┌──
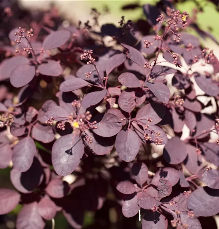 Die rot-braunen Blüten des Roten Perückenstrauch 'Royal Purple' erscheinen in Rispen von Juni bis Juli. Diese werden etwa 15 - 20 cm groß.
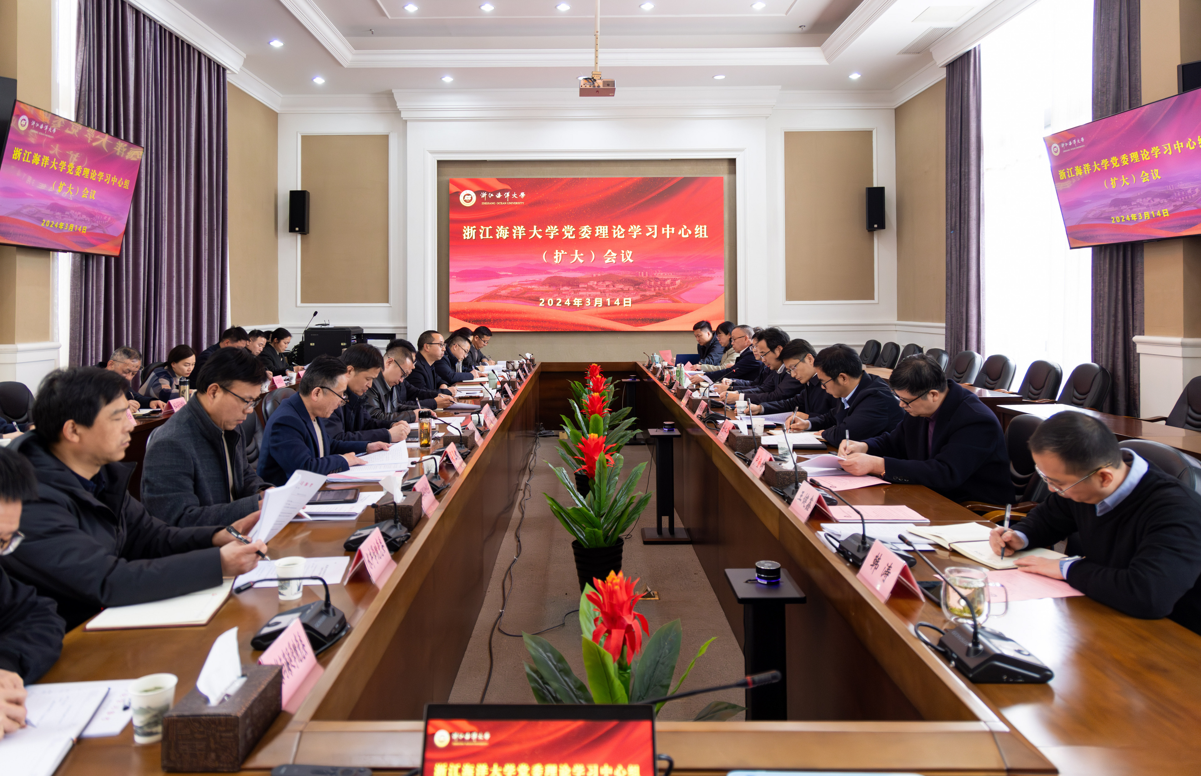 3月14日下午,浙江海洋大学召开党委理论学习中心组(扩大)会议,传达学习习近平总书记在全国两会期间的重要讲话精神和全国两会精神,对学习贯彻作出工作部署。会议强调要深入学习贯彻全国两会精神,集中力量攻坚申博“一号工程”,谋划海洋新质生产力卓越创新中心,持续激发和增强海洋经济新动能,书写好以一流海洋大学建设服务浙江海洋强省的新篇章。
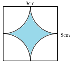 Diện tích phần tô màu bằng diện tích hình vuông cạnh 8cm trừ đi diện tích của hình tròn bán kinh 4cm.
└──
┌──
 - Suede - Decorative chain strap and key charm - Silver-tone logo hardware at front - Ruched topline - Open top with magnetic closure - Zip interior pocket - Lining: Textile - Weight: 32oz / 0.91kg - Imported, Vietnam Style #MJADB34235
└──
┌──
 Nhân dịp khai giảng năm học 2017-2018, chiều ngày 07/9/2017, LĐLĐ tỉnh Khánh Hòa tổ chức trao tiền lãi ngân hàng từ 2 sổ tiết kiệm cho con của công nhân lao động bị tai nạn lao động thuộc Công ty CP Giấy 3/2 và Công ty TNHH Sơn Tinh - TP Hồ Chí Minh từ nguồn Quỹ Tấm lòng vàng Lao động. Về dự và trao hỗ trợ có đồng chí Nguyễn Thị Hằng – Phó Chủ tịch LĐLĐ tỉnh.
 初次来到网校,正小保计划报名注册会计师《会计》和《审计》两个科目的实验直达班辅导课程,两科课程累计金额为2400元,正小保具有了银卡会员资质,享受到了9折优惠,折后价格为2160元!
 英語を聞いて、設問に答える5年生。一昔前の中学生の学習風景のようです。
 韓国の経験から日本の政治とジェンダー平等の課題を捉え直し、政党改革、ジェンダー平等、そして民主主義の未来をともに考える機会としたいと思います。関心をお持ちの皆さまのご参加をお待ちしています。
└──
What you are asked to do> Copy out each line of the data above, exactly, if it lies between the line holding "初次来到网校,正小保计划报名" and the line holding "韓国の経験から日本の政治とジ", inclusive; copy no other line.

Final answer>
 初次来到网校,正小保计划报名注册会计师《会计》和《审计》两个科目的实验直达班辅导课程,两科课程累计金额为2400元,正小保具有了银卡会员资质,享受到了9折优惠,折后价格为2160元!
 英語を聞いて、設問に答える5年生。一昔前の中学生の学習風景のようです。
 韓国の経験から日本の政治とジェンダー平等の課題を捉え直し、政党改革、ジェンダー平等、そして民主主義の未来をともに考える機会としたいと思います。関心をお持ちの皆さまのご参加をお待ちしています。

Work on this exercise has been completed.